When we get hit with emotions and adrenaline, what happens is they become our reality. Our thoughts zig down a known and reliable path and our actions follow suit. That is what we do when _____ (fill in the blank). That is also us blowing past the gap and assuming our interpretation (our reality) is what is actually happening. If you want to take it to a certain point, we become the victim, the accuser, the judge, jury and execution all in one. Adrenaline, emotions and thoughts all blend together to create a seemingly unquestionable reality and we react to that — regardless of if it’s actually what’s happening.But more than that, to many people, this reality is an unstoppable juggernaut that we are helpless to prevent. That is how strong this habit is. We feel we are helpless before this tidal wave.An important thing to understand is emotion, pain and adrenaline are motivational messages. When we feel them we feel we have to act NOW! This is especially important when it comes to self-soothing (actions we do to make ourselves feel better). If these behaviors are negative, they might serve to relieve the unacceptable stimuli, but they can — and usually do — create other problems. Often these immediate self-soothing reactions are so habitual we don’t think we have a choice.

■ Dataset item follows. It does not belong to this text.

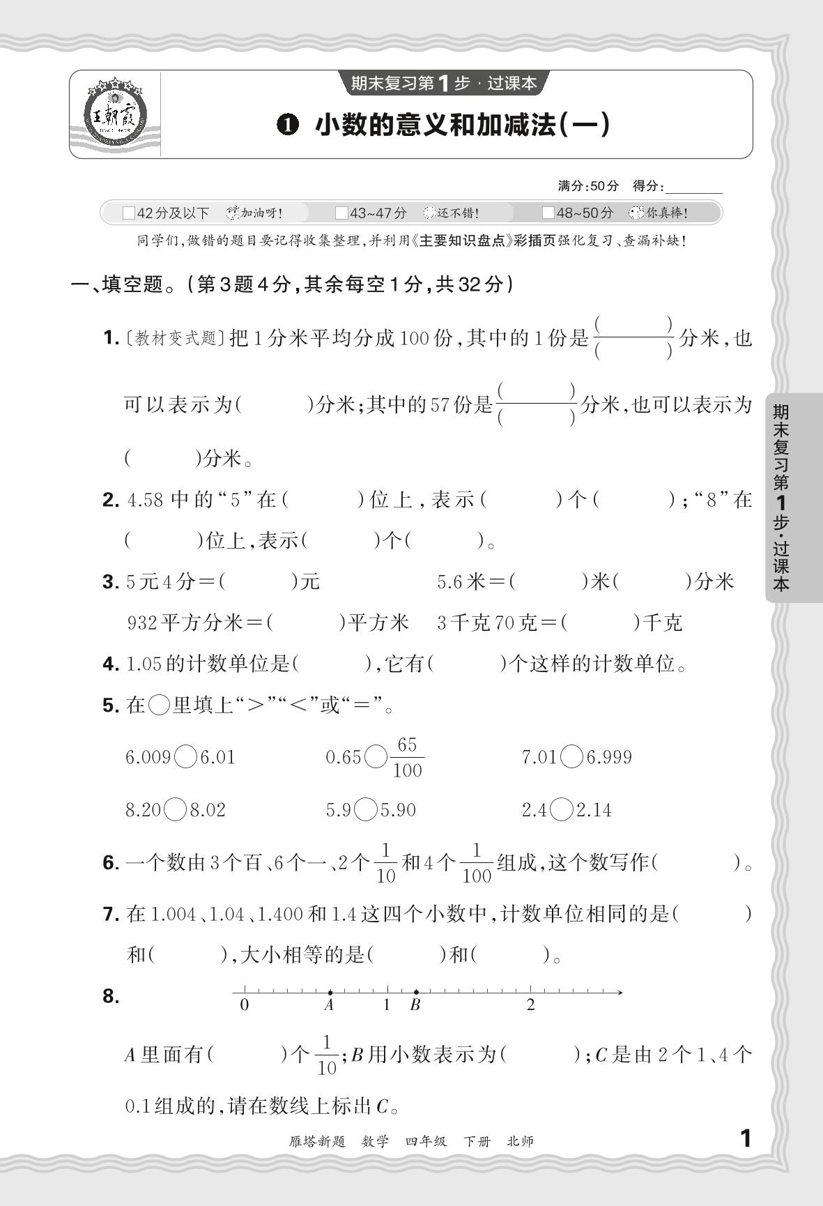 2024春下册四年级数学北师版 期末过课本西安版·小数的意义和加减法(一)【1】

That’s where minding the gap comes in. You have your choice of analogies. In the desert you have arroyos. These are deep ravines that have been carved out by thousands of years of rains rushing down these paths. In actual survival terms you want to stay out of arroyos because a rain storm 20 miles away will create a flash flood in the ravine. Thing is if you’re in an arroyo and a flash flood comes there’s no successful strategy in the arroyo. If you try to fight it and resist, you’ll be blown away. If you try and outrun it (along the arroyo) it will catch you and again you’ll drown. The only way to be safe from a flash flood is to get out of the arroyo. You scramble out and let the flash flood pass by. You don’t try to fight the flood of emotions, you don’t try to out run them. You simply put yourself into neutral and don’t do anything until the flash flood passes.
The second analogy comes from bodysurfing in the ocean. Ordinarily waves break in a manner that allows you to either jump over the turbulence or dive under and swim beneath. (Water’s four feet deep, turbulence is in the top two, You’re swimming in the bottom two.) There are however, close outs. That is when the wave breaks in a manner that the turbulence goes all the way down to the sand. You can’t dive under and swim because you’ll be tumbled before the power of the breaking wave.
In these circumstance you dive and swim to the bottom. There you dig your fingers into the sand and relax your body. You let it act like seaweed and the turbulence just passes you by. You just hang on with your fingers in one spot and relax. The wave will pass. Once the water is calm again, you start swimming again.
In either case you recognize that fighting or running from the turbulence/flash flood isn’t going to work. So instead you put it into neutral and let the impulse to act habitually to pass. Once the turmoil is past, then you can start making different decisions other than what the emotions and adrenaline are telling you YOU HAVE TO DO!!!
No, no you don’t have to react that way. When you learn to mind the gap, it becomes much easier.